Владелец "Жигулей" долго не мог поверить, что из-за такой мелочи он стольько времени мучился! Никто из его знакомых автомобилистов не мог найти неисправность, вот и пришлось из Гатчинского района гнать машину на станцию техобслуживания. На радостях он попытался всунуть мастеру, как он назвал Сороку, трешку, но тот решительно отвел его руку. Владелец удивился, но настаивать не стал, горячо поблагодарил и, счастливый, уехал.

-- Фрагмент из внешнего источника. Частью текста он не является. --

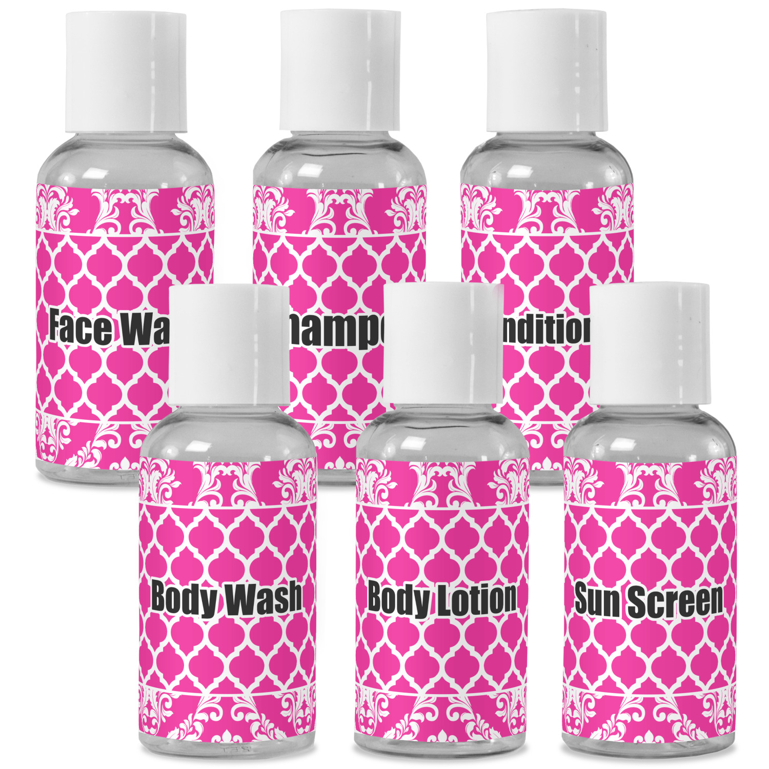 These soap and lotion travel bottles are the perfect place to start. Each set comes with 6 clear plastic bottles with white pop top lids. The bottles are cylindrical and can hold approximately 2.7oz. Perfect for plane travel!

- Гордый ты, - заметил Кузьмин, когда они остались вдвоем. - Или меня стесняешься? Человек дает тебе от всего сердца... Может, не стоит отказываться?
- Вы бы не отказались? - взглянул ему в глаза Сорока.
- В этом случае нет, - ответил механик.
- Я не могу брать деньги... - помолчав, сказал Сорока. - Руку жгут... Такое ощущение, будто добрый дядя тебе, сироте, милостыню подал... Не буду я брать от них деньги!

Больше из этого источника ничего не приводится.